I have a quick question regarding the improvements to strict mode: do these changes also fix the following?
{
"array":
[
"missing a comma"
"between these items"
]
}
Even with strict mode enabled, this results in the same tokens as if a comma had been present between the two items. jsonlint.com rejects the JSON above as not being valid. If it's fixed in this PR then great; otherwise, I'll make a separate issue.
@x6herbius, this PR should fix that. That said, I'm not sure if this repository has been abandoned. The maintainers seem to have disappeared. Thus, while I had some other ideas for improvements and even submitted PRs for two of them (#195, #196), I've given up on making further contributions.
I do have a couple more changes I made on my own fork (see valueless-keys
and unsigned-types
branches there), but I don't plan to submit PRs for them unless these existing PRs get accepted.
PR #197 may also be worth checking out. They've made similar sorts of improvements (including proper RFC compliance, I believe) through a different style of implementation.
@dominickpastore I'm still here. I haven't done much as it's been difficult for me due to how big the changes feel. While JSMN is not in the best shape at the moment, it is being dependent on by quite some people and I honestly fear breaking anything just because I did not analyse the changes properly.
To give this repo a bit of life I will try to make a new experimental branch and possibly merge some of the PRs there. Maybe that way it will be possible to get better feedback from community about the changes. And I hope you won't feel like your contributions are a waste.
@pt300 That's good to hear. I was a bit concerned when @themobiusproject and I added some discussion to some of the roadmap issues (#159 and #154) and it seemed to go unnoticed.
I don't want to assume my PRs are the best for the project, either (especially now that there is also PR #197 for a lot of the same stuff). I made the changes because they were what I needed. But they did align with some parts of the roadmap, so I figured I'd submit them to help kickstart the discussion again.
Other thing I would say: This is just my opinion, but it sounds like you are putting too much pressure on yourself. I'd bet, chances are, as long as JSMN can parse standard JSON, 90% of people will be happy. For the rest, it's up to them to speak up if they have a problem with the roadmap. And even if they don't speak up, nothing is forcing them to stop using the current version--that's the beauty of open source.
@dominickpastore @pt300 I am still hanging around here as well.
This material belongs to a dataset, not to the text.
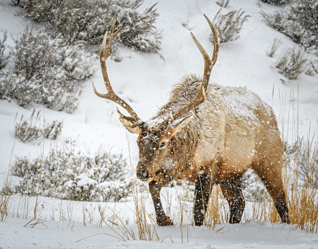 It was snowing pretty hard on my way through Mammoth Hot Springs when I came upon this bull elk looking for some grass to forage. He had no interest in anyone or anything around him as he pushed the snow away to graze. I watched him for about 10 minutes, thinking that I was lucky to have a warm cozy room waiting for me.

Both @dominickpastore's PR #194, #195, and #196 and my PR #197 are all valid options. I had once tried to break my PR into smaller changes but continued having chicken and egg problems so all of the changes are lumped into one. I also will comment, @pt300, dominick's and my changes won't merge together as we have both made many fundamental changes that won't jive together (though I know I have swiped some ideas from dominick's code to fix issues in mine).
I certainly don't feel like my contributions have been a waste. There was someone who posted in my PR with a problem that he was having so it seems like someone has been able to benefit what I have done.
it may be useful to note which branch is the most up to date and recommended for new projects, on whatever repository/fork, while issues of backwards compatibility and breaking get resolved.